Kimmel is reportedly also set to meet with Disney executives to discuss the future of his show, according to Bloomberg News.
Meanwhile, Federal Communications Commission (FCC) Chairman Brendan Carr has made it clear that this isn’t over.
“I don’t think this is the last shoe to drop,” he said in an interview with Fox News.
“This is a massive shift that’s taking place in the media ecosystem the consequences will continue to flow.”
Carr added that complaints from ABC-affiliate local news stations in Utah and Pennsylvania played a key role in Kimmel’s cancellation and suggested that it could happen again.
“We’re going to back to that era when local TV stations, judging the public interest, get to decide what the American people think,” he said.
Top Democrats have called for Carr’s resignation, but he appears to have the wholehearted support of US President Donald Trump.
Yesterday, Trump called Carr “outstanding”, “a patriot,” and “a tough guy” while speaking with reporters on Air Force One.
He also floated the idea of revoking the licenses of TV networks that air programs “against” him, a decision he said will be “up to” Carr.
“They give me only bad publicity, press. I mean, they’re getting a license … I would think maybe their license should be taken away,” Trump said.
US TV networks do not have to be licensed by the government to operate.
He also claimed that licensed TV networks are “not allowed” to “hit Trump”, calling those “against” him “an arm of the Democrat party”.
Trump also publicly celebrated Kimmel’s axing and called for “losers” Seth Meyers and Jimmy Fallon to face the same fate.

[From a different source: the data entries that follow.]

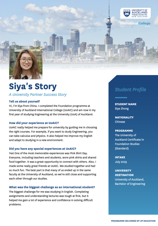 Siya from China | UoACFS Student Testimonial (+VIDEO LINK)
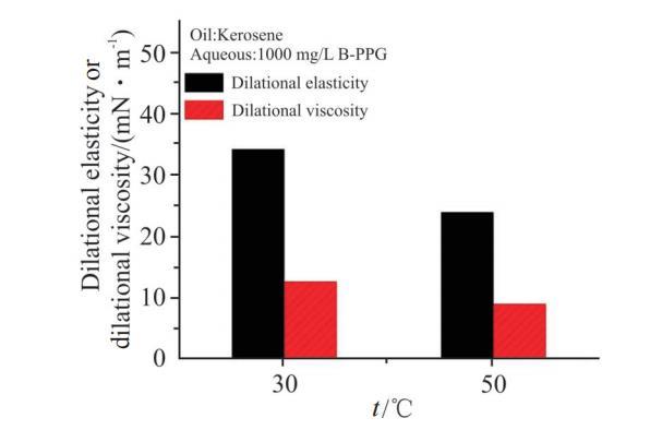 溫度對1000 mg/L B-PPG溶液界面擴(kuò)張彈性和黏性的影響見Fig.9。實(shí)驗(yàn)結(jié)果表明,當(dāng)溫度從30℃升高到50℃時(shí),界面擴(kuò)張彈性和黏性均明顯降低。隨著溫度升高,界面膜變得疏松,同時(shí),B-PPG分子的熱運(yùn)動加劇,擴(kuò)散交換過程變快,上述變化均會造成界面膜強(qiáng)度的降低,50℃時(shí)B-PPG界面膜的彈性和黏性不到30℃的1/2。
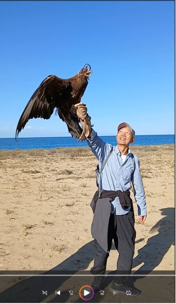 大家的午饭是在湖边吃自己早上准备的便餐,没有地方坐。湖边的基础设施还不完善。下午我们看了猎鹰表演。可以说这是难得的机会。如今世界上还有多少人训练老鹰捕猎呢?表演很精彩,小伙子是蒙古族人,他的马也英俊。猎鹰可以从 约 1–2 公里远甚至更远的地方发现老鼠大的猎物,猎鹰的视网膜上密集的视锥细胞数量远高于人类,大约是人类的 5–8 倍。他还表演了猎犬加猎鹰配合捕猎。最后大家分别让蒙眼的猎鹰站在手臂上照相。相当刺激。他还做了射箭表演,并让大家尝试。这是吉国旅游的高光时刻,我强烈推荐此项目。
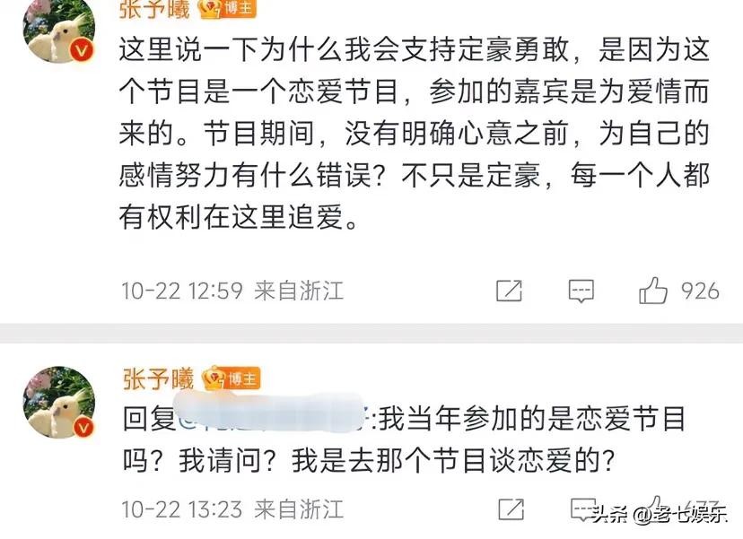 不过张予曦也曾回应过一年级的争议,张予曦称:我当年参加的是恋爱节目吗?我是去谈恋爱的吗?姐说的对!什么样的节目就该做什么样事的 ,而且不管当初怎么样,都过去这么久了,一句轻描淡写的节目效果,就上热搜,不至于吧!
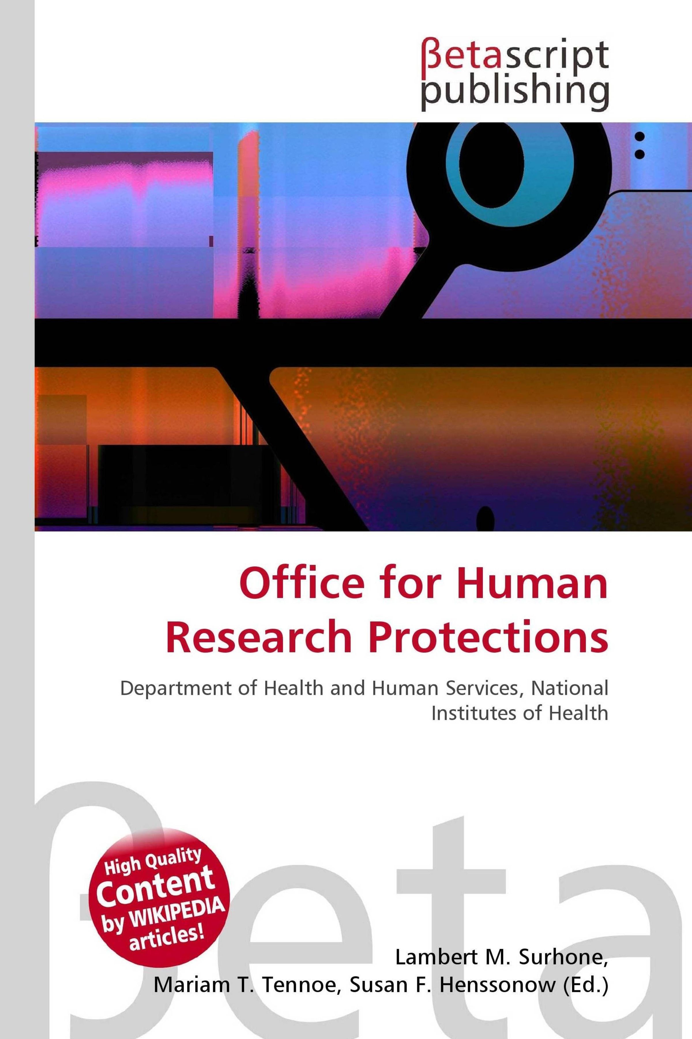 "Office for Human Research Protections" steht in roter Schrift über einer abstrakten Illustration mit violetten und blauen Tönen., Buch
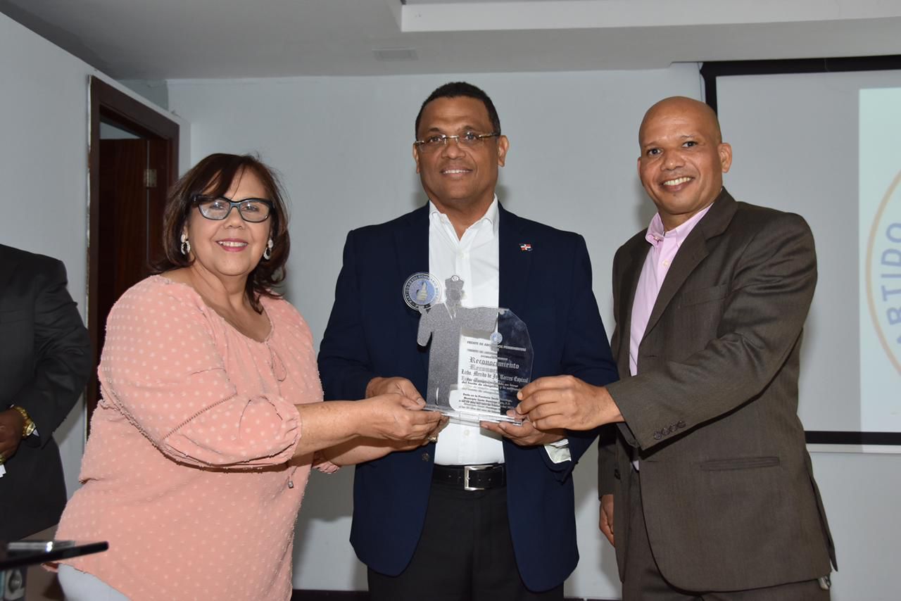 Santo Domingo Este. – El Frente de Abogados del Partido Revolucionario Moderno (PRM) en el municipio Santo Domingo Este, entregó el reconocimiento al mérito político y profesional edición 2022, al jurista y director de la Unidad Técnica Ejecutora de Titulación de Terrenos del Estado (UTECT), Mérido Torres, por sus aportes y defensa a los derechos de los profesionales de la toga, el birrete y el mallete.
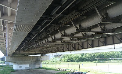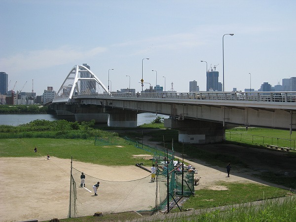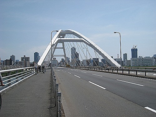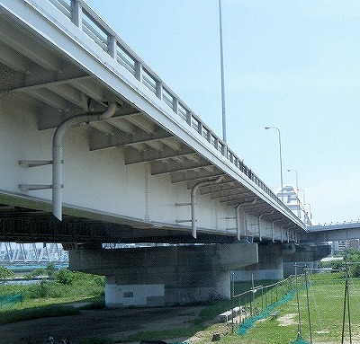 現在の長柄橋は、昭和58年に完成したもので、中央部の橋はニールセンローゼ桁というアーチ形の橋が
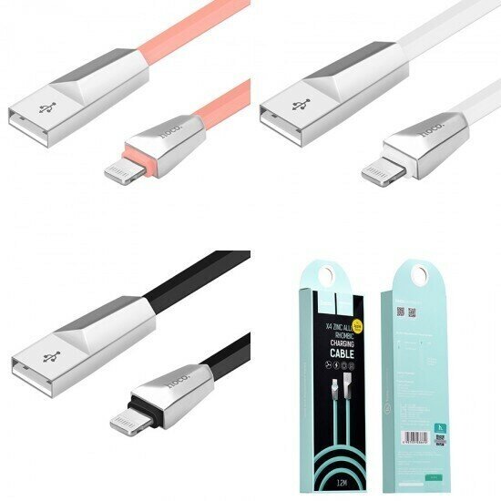 Кабель зарядки и синхронизации данных USB USB HOCO x4 Zinc для Lightning, 2.4 A, длина 1.2 м, черный
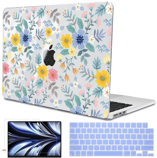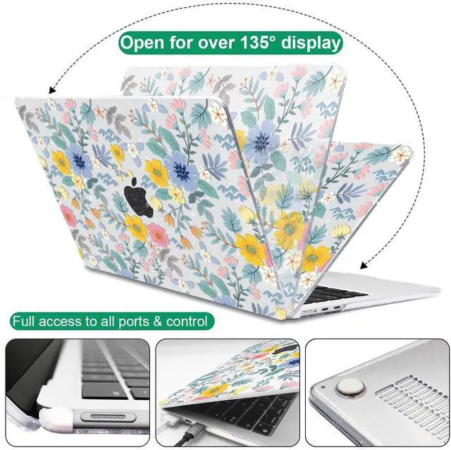 Protection: This macbook air 13.6 m3 case only 0.7 lb, you'll feel your laptop air m2 more natural in handthe. hard shell a2681 cover with two pieces snap on design, easy to put on and snap off. prevent your devices from unwanted cracks, scratches or damages. ^^ Unique 3D UV Painting, slick hard shell cover with crystal black printing finish to resist scratches and skidding and to add something different colorful to your laptop. It allows full access to all ports, fully open over 135 degrees. ^^ Fully vented for safe heat disbursement. The two rows vent slots at the bottom of the case can easily keep your air 13.6 inch M3 device cool. The four raised rubber feet keep your laptop stable and safe. ^^ What you get - 1 crystal black printed pattern top case, 1 crystal black bottom case, 1 matching color silicone keyboard cover, 1 HD screen protector, 1 plastic webcam cover, and 1 cleaning brush.
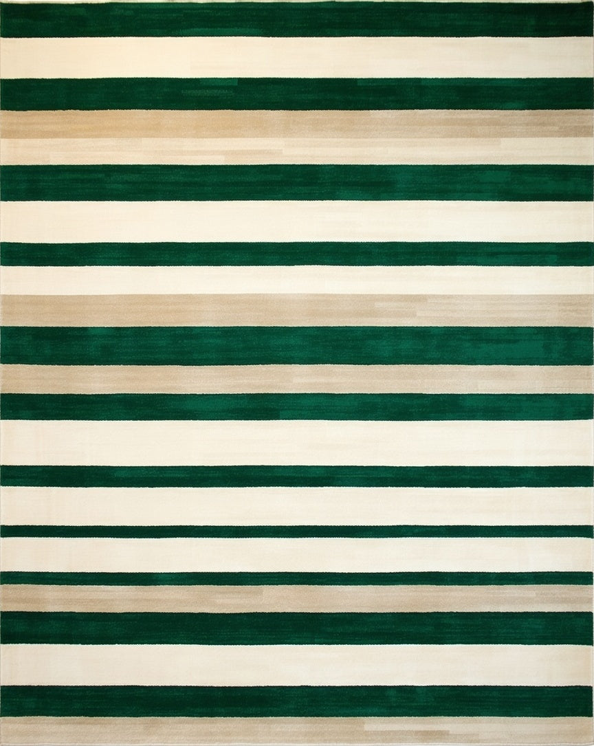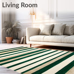Ultra Soft Area Rug, Non Slip, Stain Resistant, Washable Area Rugs for Living Room, Bedroom, Contemporary Striped Area in Rich Beige and Emerald Green Tones(Green) Overview:
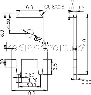 Наконечник: плоский, 6,3мм, 0,8мм, папа, латунь, луженые. K12-00Z(H)
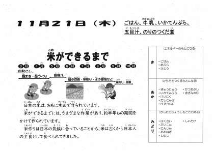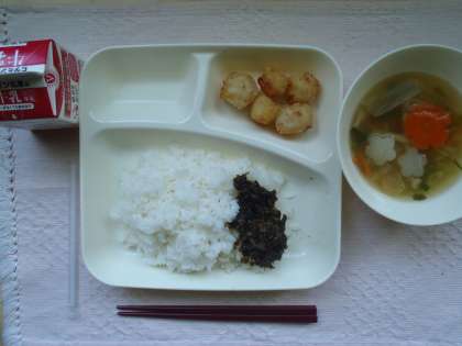ごはんに添えたのりのつくだ煮は給食室で手作りしています。自分の好きな量をご飯に乗せてパクパク食べていました。
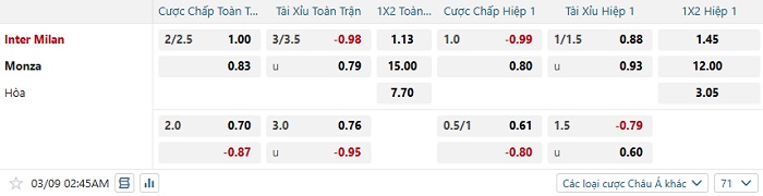 Bảng tỷ lệ kèo bóng đá Inter Milan vs Monza

But a growing number of TV personalities, critics and even a former US president have thrown their support behind Kimmel in the face of his politically charged cancellation.
Former US President Barack Obama wrote on social media: “After years of complaining about cancel culture, the current administration has taken it to a new and dangerous level by routinely threatening regulatory action against media companies unless they muzzle or fire reporters and commentators it doesn’t like.
“This is precisely the kind of government coercion that the First Amendment was designed to prevent — and media companies need to start standing up rather than capitulating to it.”
Former Vice President Kamala Harris called Kimmel’s cancellation an “outright abuse of power”.
“This administration is attacking critics and using fear as a weapon to silence anyone who would speak out. Media corporations — from television networks to newspapers — are capitulating to these threats,” she wrote on social media.
“We cannot dare to be silent or complacent in the face of this frontal assault on free speech.”
USA Today’s TV Critic Kelly Lawler questioned what Kimmel’s axing could mean for the future of late-night TV in the US.
“How did we get to a place where the president of the United States is potentially influencing who gets to crack what jokes at 11:35 p.m. on weeknights?” she wrote.
“And what does it mean for the ability of comedians and entertainers to exercise their right to free speech and to speak truth to power?”
Kimmel’s show was “indefinitely preempted” by ABC and its affiliates, including Sinclair Broadcast Group, over his comments about Kirk’s death earlier this week.
Now Sinclair has issued a list of “demands” Kimmel must meet if he wants the suspension on his long-running show lifted.
One of the demands is that Kimmel “issue a direct apology to the Kirk family”.
Another would require him to make a “meaningful personal donation to the Kirk Family and Turning Point USA,” Kirk’s nonprofit that advocates conservative politics at schools across the US.